Solved – Weighted cases in a cluster analysis for cases in SPSS

clusteringspssweighted-dataweighted-sampling

I am conducting a cluster analysis (of cases) for a database which has weight attributed to the individual cases to ensure that it mirrors the general population in terms of sociodemographic distribution.

Since hierarchical clustering ignores attributed weight, is it statistically sound to commence a non-weighted hierarchical cluster analysis to determine the best solution, and then use k-means with that number of clusters? Or would it be more reasonable to commence various k-means solutions until a good fit is assumed?

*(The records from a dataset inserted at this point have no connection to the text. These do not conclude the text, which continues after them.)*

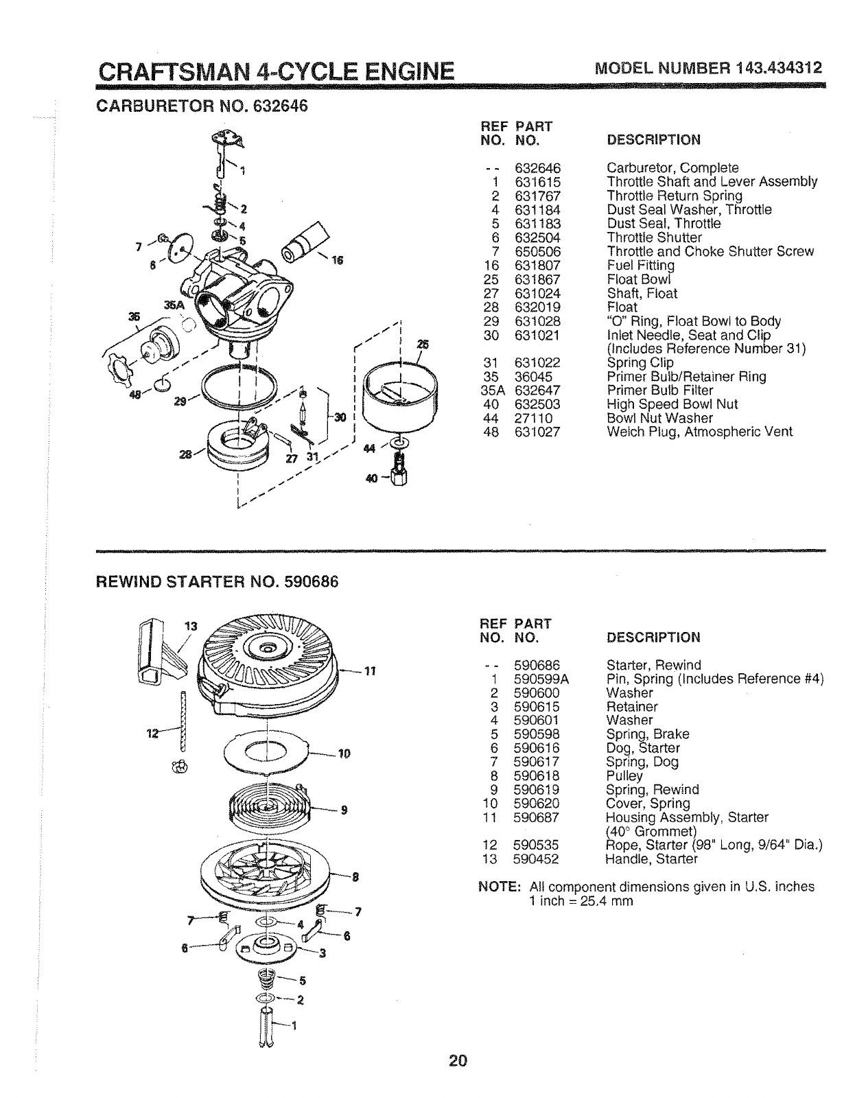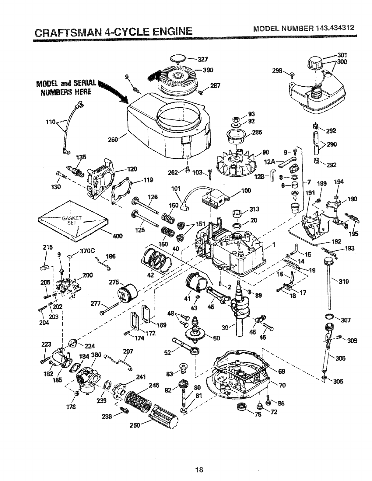 ° ENGINE - CRAFTSMAN MODEL NO. 143,434312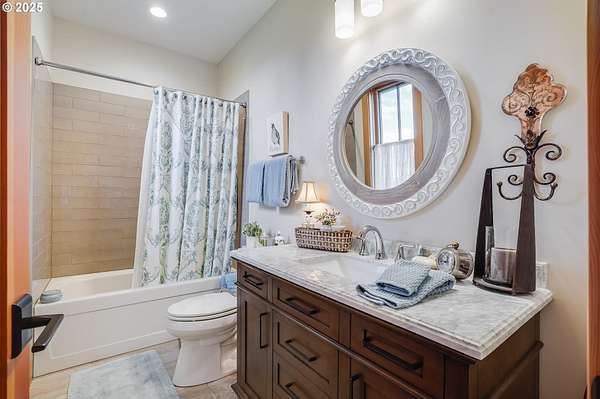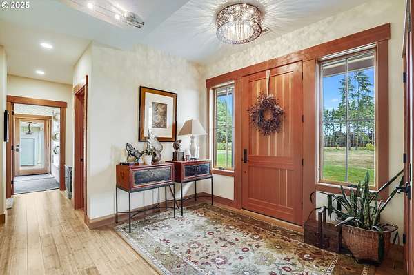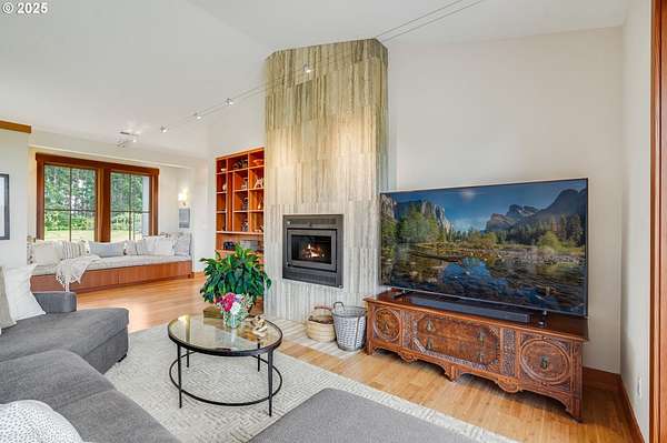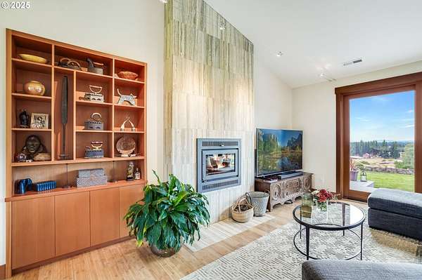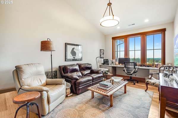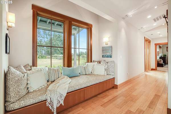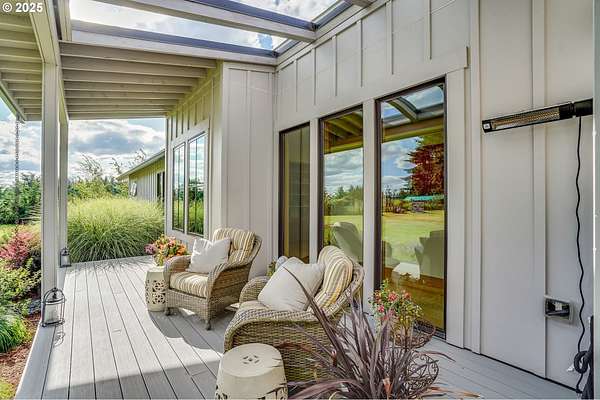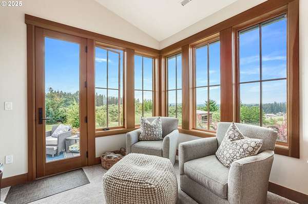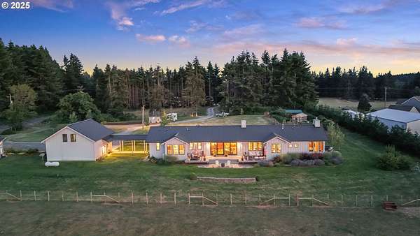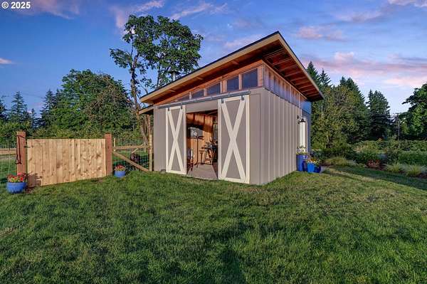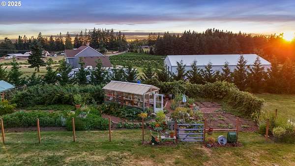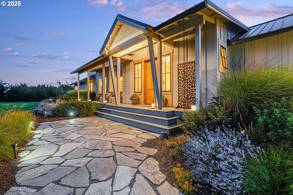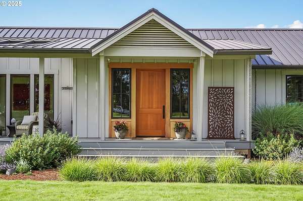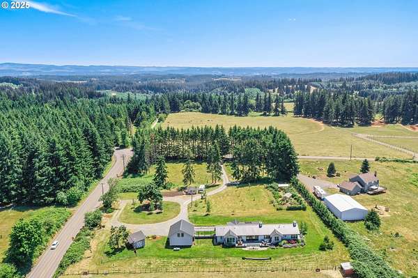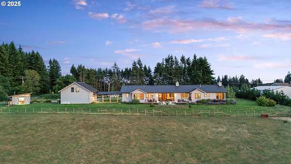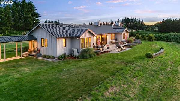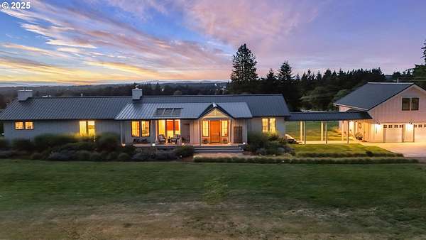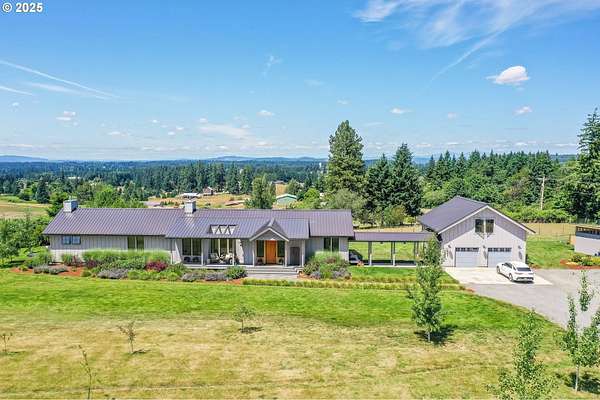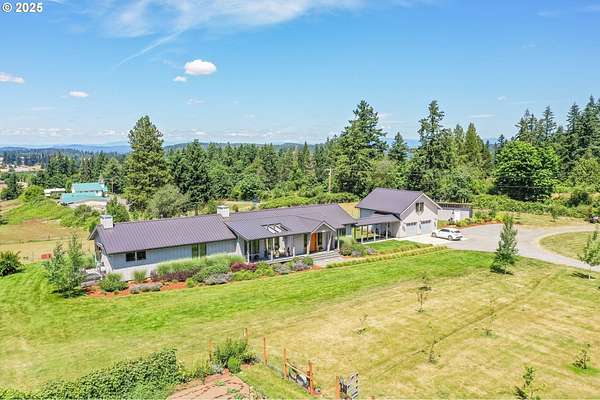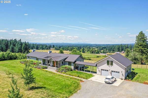 Welcome to Sage Farm, a peaceful 6 acre retreat with panoramic views of downtown Portland and the surrounding territory. Custom-built in '21 by architect owner with intention and care, this single-level home was designed for comfort, ease, and connection to its surroundings, inside & out. The exterior was thoughtfully designed for low maintenance, reducing costs and time spent on upkeep while preserving the home's modern aesthetic. Inside the layout balances openness and privacy, with vaulted ceilings, warm natural light, and thoughtful touches. The kitchen is anchored by waterfall-edge quartz island, a picture-perfect view window, & walk in butler's pantry. Marvin sliding doors open wide from both sides of the great room, inviting seamless indoor-outdoor living. The den offers a great flexible space. The primary suite includes private access to a spa and deck, a perfect place to unwind while taking in the landscape. A 2nd bedroom features its own ensuite bath, offering privacy and comfort for guests or extended stays. The home's dual heat pumps provide zoned, energy-efficient comfort year-round. Outside, the stunning landscape was professionally designed by a landscape architect to complement the home's architecture and natural beauty. From the breezeway (a nod to a cherished family home in the Northeast) to the privacy wall that doubles as an art feature, every inch of Sage Farm reflects the values of intentional living. The detached studio apartment above the garage includes a full bath and kitchenette, perfect for guests, creative use, or multi-generational flexibility. You'll also find a 4000 sqft irrigated garden, a greenhouse, and space for a future barn or arena. Customize the grounds & suit your lifestyle: keep livestock, grow more, or enjoy the stillness. There's much more to discover. Ask for the full list of curated features and finishes. Sage Farm is the kind of home that makes you want to stay a while and enjoy a life of peace and understated luxury.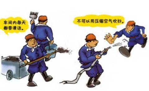 涉爆粉尘企业应先打开除尘系统的负压风机及洗涤循环水确定无异常后再进行生产作业,并严格按《粉尘防爆安全规定》落实粉尘清扫要求;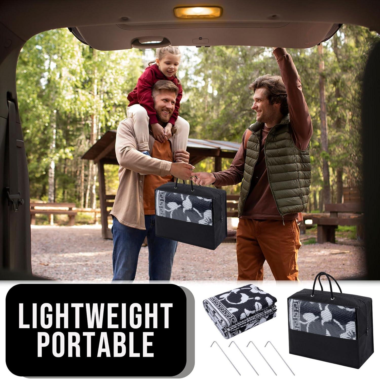 Lightweight & Portable: Our RV rug is lightweight and easy to transport, making it perfect for any outdoor adventure. It comes complete with a convenient carrying case, allowing you to seamlessly enjoy style and comfort wherever you go.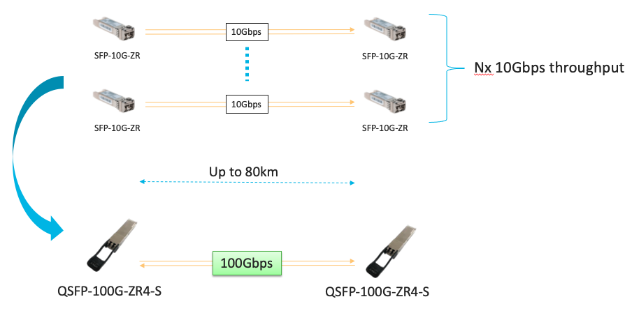 - Connecting to a regional data center: To reduce IT operating costs, businesses are offloading applications to the cloud. With the QSFP-100G-ZR4-S, organizations can reliably transmit more data across high speed links to data centers over distances of up to 80km.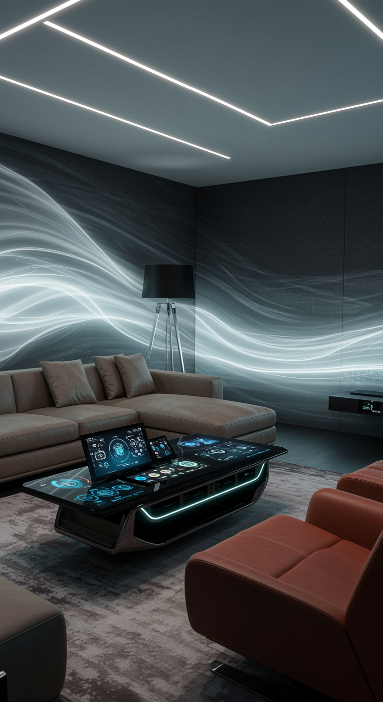 Envision a futuristic living room seamlessly blending automotive and interior design, where the elegance of a Mazda CX-5 interior is transformed into a luxurious home setting. Picture a sleek dashboard-inspired coffee table with digital touch interfaces, reclining leather armchairs mimicking the car's plush seats, and ambient LED lighting echoing the car's sophisticated illumination. The walls are adorned with abstract, flowing patterns reminiscent of aerodynamics, incorporating advanced AI technology subtly integrated throughout the space for a highly intuitive and immersive experience. This room immerses inhabitants in an ambiance where cutting-edge technology and automotive sophistication converge, creating a serene yet technologically advanced atmosphere.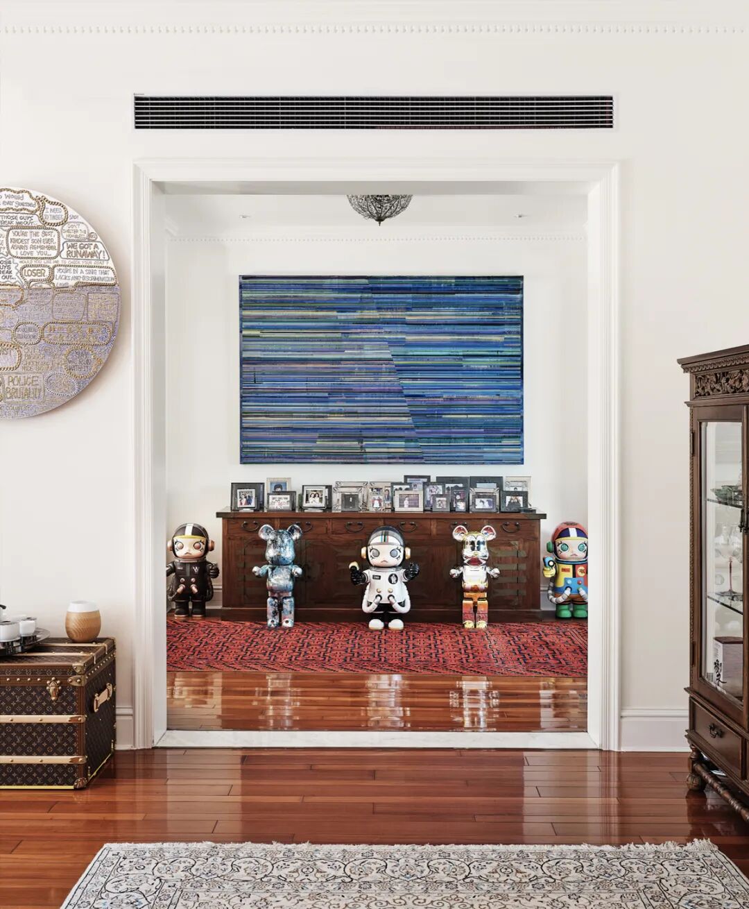主客厅里,一件4米长的巨幅画作静静矗立,看似凌乱的几何线条铺满画面,犹如迷宫又自有秩序。这是艺术家陆新建“城市基因”系列中的一件作品,他擅长以看似抽象的线条来表现错综复杂的现代都市。对面钢琴上,放置着著名雕塑家蔡志松的一组小雕塑作品——鹿,光滑流丽的外形闪动着灵韵。旁边的墙上则悬挂着徐震的镜面不锈钢装置作品——《金属的语言》,幽默、困惑、矛盾、喜悦......当你面对镜面,可以照出自己的形象,更能读出自己潜意识中的情感。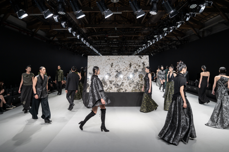 秀上更邀請新銳編舞家李冀禹結合東方現代舞蹈和西方音樂,在大理石包圍下起舞,讓觀眾能聚焦在奢石與燈光的流轉下所產生的完美光芒,為整場秀帶來高潮與驚喜,完美演繹了時尚與藝術的風采。「無極」也代表著不受限的概念,東西方元素的結合就像石材跟織品,看似衝突卻又能融合在一起。不論工藝、表演、燈光創新的跨界合作都令當天來賓讚嘆不已。

Or can we find a way to perform weighted hierarchical cluster analysis (weighted are the objects to cluster and the weights are frequencies)?

Best Answer

Using K-means after hierarchical clustering or hierarchical clustering after K-means may be sometimes a sound trick on its own - not because of weighting.

Frequency weighting of objects when clustering objects

Now about weighting. To do hierarchical cluster analysis of cases with frequency weights attached to the cases (objects to cluster):

Approach 1, general. Propagate objects. Multiply the weights by a constant so that the smaller individual weight becomes about 1, and then round the weights; and propagate cases according to those frequencies. For example, if you have 4 groups of cases with corresponding case weights 0.55 0.23 1.98 1.14, multiplying by 4.35 yields 2.39 1.00 8.61 4.96 and then rounding to frequencies 2 1 9 5. Propagate each case of the corresponding group this number of times. In SPSS a syntax to propagate cases is as follows.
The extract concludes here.